You might remember my problem with C++ especially on servers; yes that’s a post of almost two years ago. Well today I was able to go one step further, and kill another piece of C*+ from at least my main system (it’s going to take a little more for it to apply to the critical systems). And that piece is nothing less than groff.
Indeed, last night we were talking in #gentoo-it about FreeBSD’s base system and the fact that, for them similarly to us, their only piece of C++ code in base system is groff; an user pointed out that they were considering switching to something else, so a Google run later I come up with the heirloom project website.
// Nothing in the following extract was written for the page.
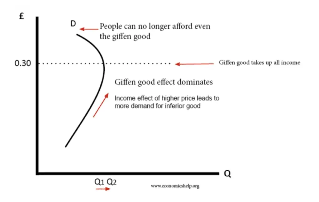 This leads us to a new perspective on what are called Giffen goods. Traditionally, these are goods that are strongly inferior staples (like very cheap bread, rice, or potatoes for the poorest consumers) where a price rise makes people effectively poorer and pushes them to consume more of the cheap staple and less of better foods, so quantity demanded rises with price over some range. The upward slope comes from the income effect outweighing the substitution effect; this pattern generally appears only for very low‑income consumers and over a limited price band, not for the whole market. (The effect is named for Scottish economist Robert Giffen, who observed it in poor households’ food purchases in the late 19th century. It was documented by Alfred Marshall in his 1890 book Principles of Economics.

The heirloom project contains some tools ported from the OpenSolaris code base, but working fine on Linux and other OSes; indeed, they work quite well in Gentoo, after creating an ebuild for them, removed groff from profiles, and fixed the dependencies of man and zsh.
A few notes though:
- the work is not complete yet so pleas don’t start already complaining if something doesn’t look right;
- man is not configured out of the box; I’m currently wondering what’s the best way to do this;
- after configuring (manually) man, you should be able to read most man pages without glitches;
- for some reason, we currently install man pages in different encodings (for instance man’s own man page in Italian is written in latin-1); heirloom-doctools use UTF-8 by default, which is a good thing, I guess; groff does seem to have a lot of problems with UTF-8 (and man as well, since the localised Italian output often have broken encoding!);
- groff (and man) both have special handling of Japanese for some reason, I don’t know whether the heirloom utilities are better or worse for Japanese, somebody should look into it.